On June 8, 2017, the Central District Court of California issued a scathing opinion in John Doe v. Regents of the University of California condemning the actions of administrators at the University of California Santa Barbara (UCSB) for violating the due process and civil rights of a student who was suspended by University officials based on the sexual assault complaint of an ex-student who claimed she was too intoxicated to give consent during an off campus orgy. (Case No. 2:15-cv-02478). The student was suspended, denied access to investigate reports, and denied opportunities to call or cross-examine witnesses and have his lawyer present at the hearings.
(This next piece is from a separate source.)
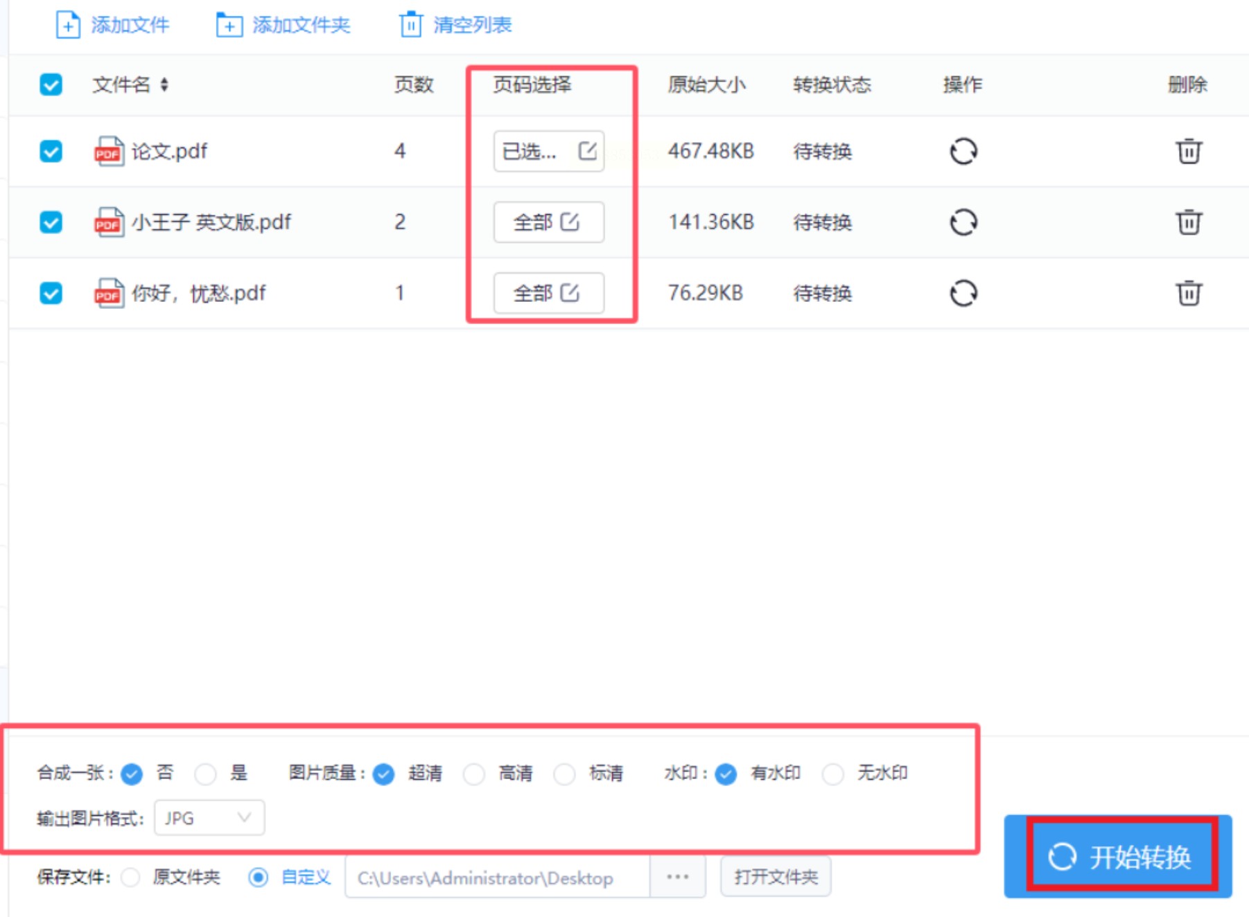 步骤二:上传单个或多个PDF文件,系统会自动识别页码和文件大小。

The facts as reported in the District Court Opinion are as follows. On June 14, 2014, Jane Doe, another female student and three male students took a summer break trip together to Lake Tahoe. During the trip, Jane Doe frequently bragged about a “threesome” she had previously engaged in. On June 16, 2016, during a heavy day of drinking and smoking marijuana, Jane Doe and her friends decided they wanted to have an orgy. Jane Doe insisted that plaintiff John Doe join the orgy. Jane Doe was a willing participant throughout the orgy, getting on top of John Doe at one point, kissing him passionately, rubbing his hair while she performed oral sex on him, and verbalizing that she enjoyed what she was doing. Jane Doe did not exhibit any signs of incapacitation and joked about the orgy with her friends the following morning.
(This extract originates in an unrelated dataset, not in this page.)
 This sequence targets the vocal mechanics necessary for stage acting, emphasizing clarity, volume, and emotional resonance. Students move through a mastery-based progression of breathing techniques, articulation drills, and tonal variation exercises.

On November 6, 2014 John Doe was charged by university officials with sexual assault based on the complaint of Jane Doe. At the time of the complaint, a highly publicized complaint had been made by 6 other female students to the Title 9 Office of Civil Rights complaining that UCSB was not prosecuting enough “rape” and “sexual assault” crimes on campus in violation of their Title 9 obligations. Title 9 prohibits universities receiving federal funding from administrating any programs which discriminate on the basis of race, gender, religion, national origin, etc.
Ironically, male students are now fighting back using the anti-discrimination provisions of Title 9 to justify their lawsuits against universities and state officials for engaging in violations of federal law. This decision is an important one because it provides a road map for a federal court civil rights action on behalf of men expelled or suspended from universities as a result of sexual assault allegations made in campus tribunals, which often lack basic evidentiary and due process safeguards.
Importantly, the decision holds that university officials may violate due process and other civil rights of students for failing to provide: (1) meaningful notice of the charges; (2) timely access to all investigative reports and evidence; (3) an opportunity to present evidence in their favor; and (4) an opportunity to have counsel present during hearings. The Court held that failing to provide these basic rights may violate a student’s 14th Amendment Due Process Rights and may further violate 42 U.S.C. Section 1983 (deprivation of rights), a statute which protects individuals from state officials acting under the color of law to deprive a person of their constitutional rights and liberties.
Moreover, the decision holds that a complaint which adequately alleges due process and constitutional violations can withstand “absolute” and “qualified immunity” defenses which are often used by state officials and district attorneys to defend their improper actions.
The Court held:
It is undisputed that students in public schools, including colleges and universities, enjoy a property interest in a public education and in their own good names, reputations, honor and integrity. See, e.g., Goss v. Lopez, 419 U.S. 565, 574 (1975). A finding of guilt can “have a major impact immediate and life-long impact on [their] personal life, education, employment, and public engagement.” Id. Therefore, before schools take disciplinary actions against students accused of breaking school rules, the students must be afforded “due process” in order to avoid arbitrary deprivations of liberty or property.” Id.
Title 9 litigation has exploded across the country as a result of women using the administrative complaint process at universities to lodge “rape” and “sexual assault” claims. Given the broad and expansive definition of rape which allows a woman to claim that she was too “intoxicated” and could not freely give “consent”, thousands of women across the country are making false allegations of rape and sexual assault against a backdrop of on-campus rape hysteria which propagates the myth that 1 out of 5 women has been raped on campus. These allegations are often brought by psychologically unstable persons and are supported and encouraged by university officials who are acting under the color of authority to increase on-campus prosecutions (in order to obtain more Title 9 funding for their departments), increase their own positions of authority, while destroying the reputations and future prospects of male students.
The Washington Post reports that Title IX that the number of men accused of rape who have filed title IX lawsuits has skyrocketed. Between 1991 and 2011 (a 20-years period), only 15 lawsuits have been filed by male students in regard to rape accusations. However, since 2011, at least 150 have been filed in about 5 years alone. Male students who believe that they have been mistreated by school witch hunt tribunals and are rightly taking to the courts to get relief.